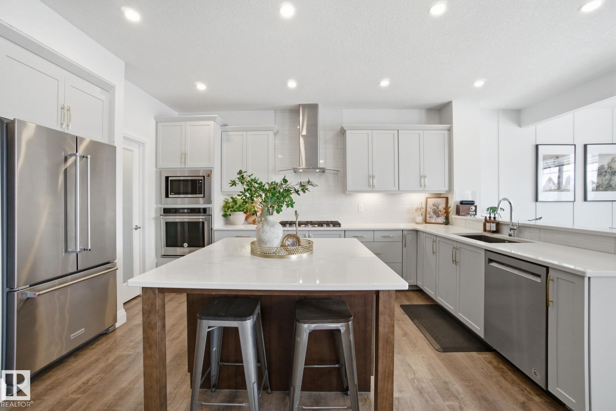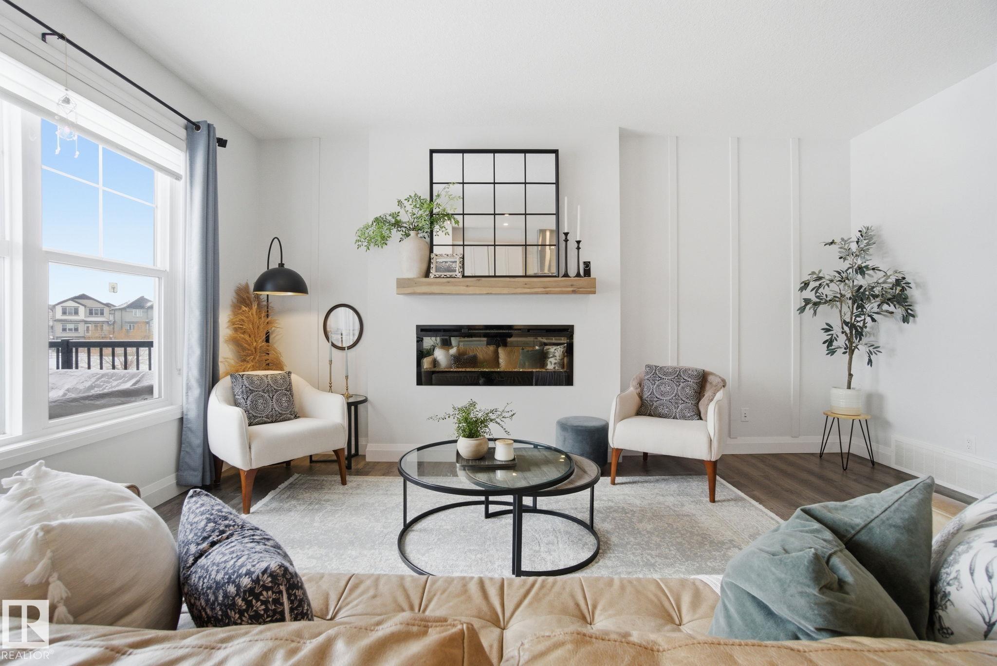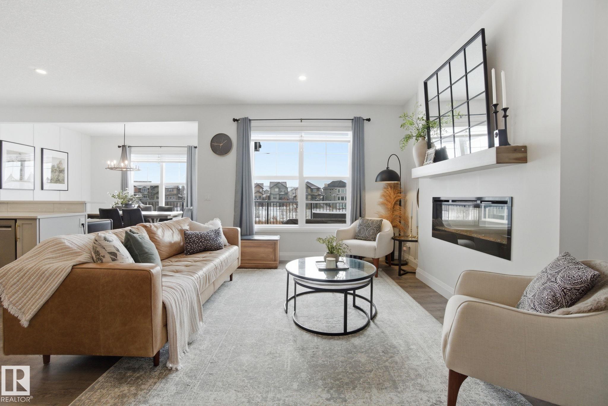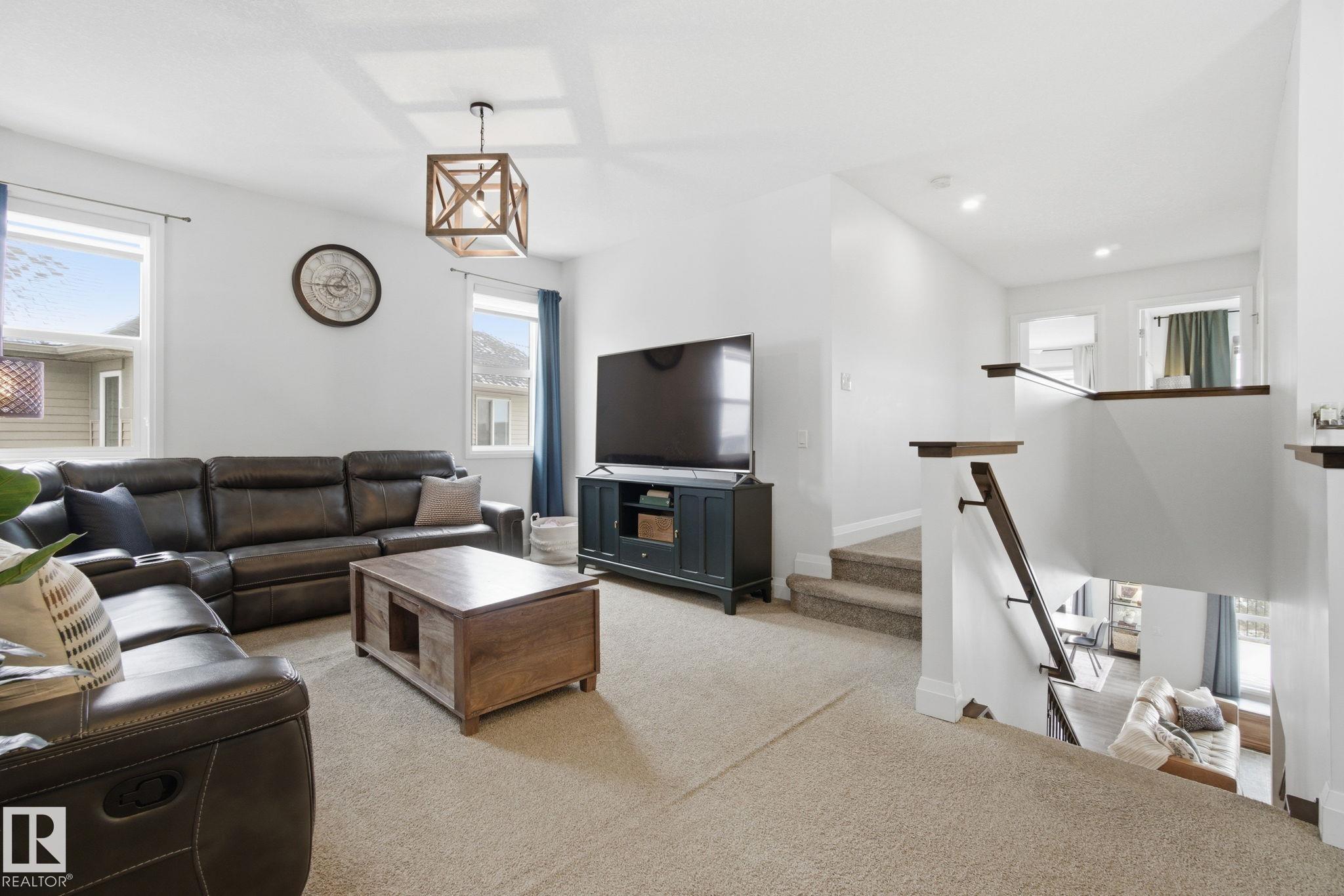Discover this beautiful, move-in ready home in desirable Desrochers. Nestled on a quiet cul-de-sac and backing onto paved walkways and a picturesque pond, this 2,206 sq. ft. unit features an open-concept main floor flooded with natural light from south-facing windows. The bright white kitchen is appointed with stainless steel appliances and opens to a raised deck?perfect for morning coffee or entertaining. Upstairs offers three bedrooms, two full baths, a bonus room and convenient laundry. The finished walk-out basement expands your living space and leads to stamped concrete, a professionally landscaped yard and a cozy fire pit. A double attached garage with built-in shelving provides excellent storage. Enjoy easy access to shopping, groceries, restaurants, fitness studios, schools and parks. Exceptional curb appeal, thoughtful upgrades and a peaceful pond-side setting make this home a must-see.
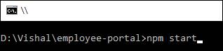 Now, we are in a position to run the Application and test how the  component loads. To run it, press “CTRL+SHIFT+C”. This command will open the command prompt. Type “npm start” on it.
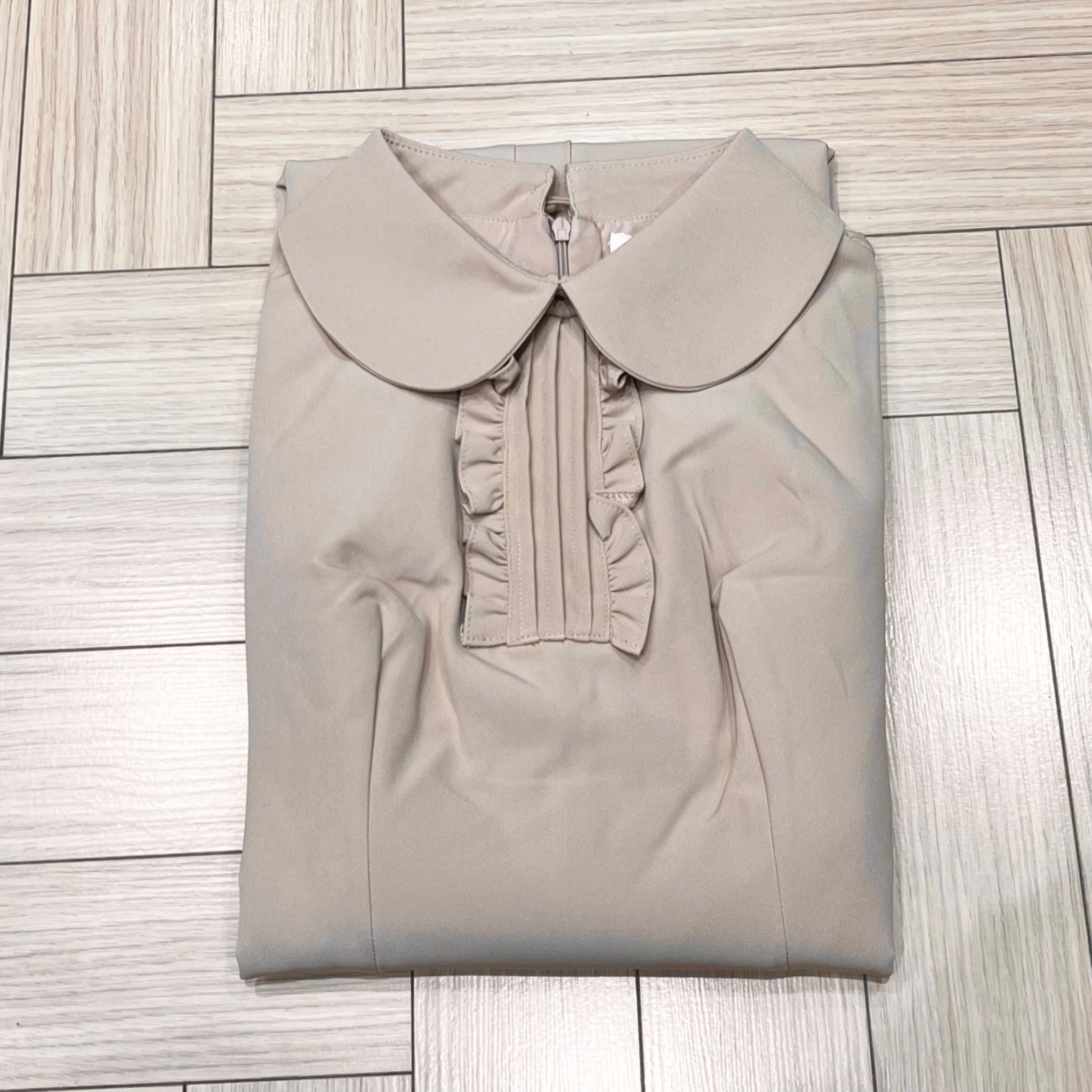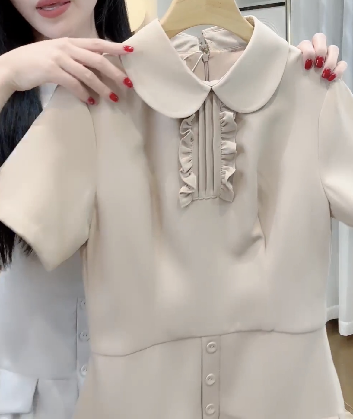 OAK0125 ĐẦM DÀI CỔ SEN PHỐI BÈO (NÂU)

• [TRY IT] Return the whole of the material above exactly, with no picture carried over.

• [RESPONSE AREA]
Discover this beautiful, move-in ready home in desirable Desrochers. Nestled on a quiet cul-de-sac and backing onto paved walkways and a picturesque pond, this 2,206 sq. ft. unit features an open-concept main floor flooded with natural light from south-facing windows. The bright white kitchen is appointed with stainless steel appliances and opens to a raised deck?perfect for morning coffee or entertaining. Upstairs offers three bedrooms, two full baths, a bonus room and convenient laundry. The finished walk-out basement expands your living space and leads to stamped concrete, a professionally landscaped yard and a cozy fire pit. A double attached garage with built-in shelving provides excellent storage. Enjoy easy access to shopping, groceries, restaurants, fitness studios, schools and parks. Exceptional curb appeal, thoughtful upgrades and a peaceful pond-side setting make this home a must-see.
 Now, we are in a position to run the Application and test how the  component loads. To run it, press “CTRL+SHIFT+C”. This command will open the command prompt. Type “npm start” on it.
 OAK0125 ĐẦM DÀI CỔ SEN PHỐI BÈO (NÂU)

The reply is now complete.